WHAT THIS TASK INVOLVES.
Only the lines below from the one containing "1842 y 2021 |" through the last line should be set down, exactly as written and with no pictures.

DATA.
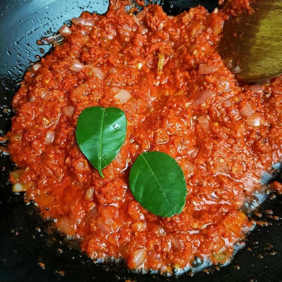 ▶️ Kemudian, masukkan cili kisar, daun limau purut dan tumis sehingga pecah minyak,
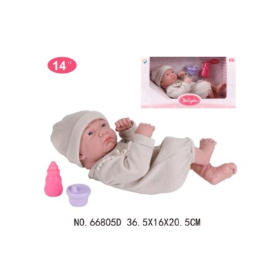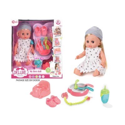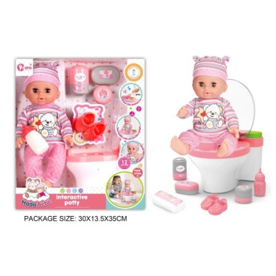 一个14英寸的乙烯基娃娃,有12个声音IC(鞋子,瓶子,盘子,马桶,牛奶链)
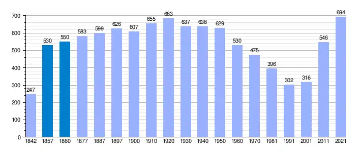 | Gráfica de evolución demográfica de Fresnillo de las Dueñas[6] entre 1842 y 2021 |
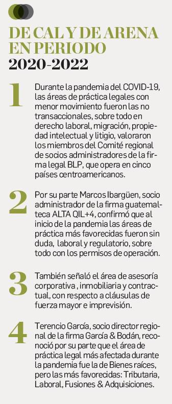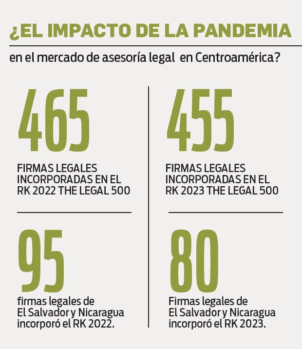 De acuerdo al comparativo entre ambos rankings del directorio The Legal 500, las áreas de práctica más afectadas por la pandemia y su impacto socioeconómico fueron en Costa Rica: Banca y Finanzas, Propiedad intelectual y Tributario. En El Salvador, en cambio, fueron Corporativo y Transaccional, Litigio y Propiedad intelectual. En Guatemala, Energía & Recursos naturales y Tributario.

WRITTEN SOLUTION.
 | Gráfica de evolución demográfica de Fresnillo de las Dueñas[6] entre 1842 y 2021 |
 De acuerdo al comparativo entre ambos rankings del directorio The Legal 500, las áreas de práctica más afectadas por la pandemia y su impacto socioeconómico fueron en Costa Rica: Banca y Finanzas, Propiedad intelectual y Tributario. En El Salvador, en cambio, fueron Corporativo y Transaccional, Litigio y Propiedad intelectual. En Guatemala, Energía & Recursos naturales y Tributario.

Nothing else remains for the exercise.